I'm wondering if it makes a difference in the performance if I used STI and put all the information in just 1 table, using a type column and having different, inherited classes. It would be more DRY and easier to maintain, because all share many attributes and characteristics.
But what's faster? Many tables and less rows per table or just one table with many rows? Or is there no difference at all? I'll have to deal with a lot of information and many queries per second.
Thanks for your opinion!
Many tables and fewer rows is probably faster.
That's not why you should do it, though: your database ought to model your Problem Domain. One table is a poor model of many entity types. So you'll end up writing lots and lots of code to find the subset of that table that represents the entity type you're currently concerned with.
Regular, accepted, clean database and front-end client code won't work, because of your one-table-that-is-all-things-and-no-thing-at-all.
It's slower, more fragile, will multiply your code all over you app, and makes a poor model.
Do this only if all the things have exactly the same attributes and the same (or possibly Liskov substitutable) semantic meaning in your problem domain.
Otherwise, just don't even try to do this.
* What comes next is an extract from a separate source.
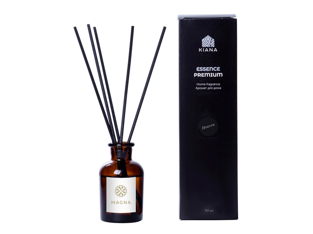 Аромадиффузоры бренда KIANA создают приятную атмосферу спокойствия, которая помогает отдохнуть и настроиться на позитивные мысли и эмоции. Heaven — часть серии Essence Premium, премиальной линейки KIANA, которая объединяет ароматы для дома повышенной концентрации. Это воздушный цветочный аромат, в который идеально вплетены свежие цитрусовые ноты с чарующим сандалом. Объём диффузора 50 мл. Его будет достаточно для умеренного поддержания аромата в комнате до 15м2 в течение двух месяцев использования. Насыщенность аромата регулируется количеством используемых фибровых палочек. • Создаст приятную атмосферу спокойствия • Воздушный и чарующий • Хватит на два месяца использования Essence Premium предлагает вашему вниманию насыщенные и глубокие ароматические композиции, погружающие в негу и блаженство. Пирамида аромата состоит из верхних, средних и базовых нот, которые освежат воздух в вашем доме и создадут приятную атмосферу.
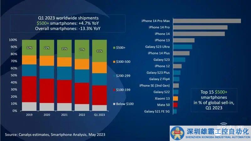 ▲2023年Q1全球500美元以上智能手機出貨量排名,來源:Canalys

Or if you do, ask why this is any better than having one big Map/hash table/associative array to hold all entities in your app (and lots of functions, most of them duplicared, cut and paste, and out of date, doing switch cases or RTTI to figure out the real type of each entity).
The only way to know for sure is to try both approaches and measure the performance.
In general terms, it depends if you're doing joins across those tables and if you are, how the tables are indexed. Generally speaking, database joins are expensive which is why database schemas are sometimes denormalized to improve performance. This doesn't usually happen until you're dealing with a serious amount of data though i.e. millions of records. You probably don't have that problem yet and maybe never will.
If rows have same attributes then, yes, one table is very better, and just one row to specify type of data, otherwise, use differents tables to deal with, that better in performance, code amount and even in the lisibility of code aswell.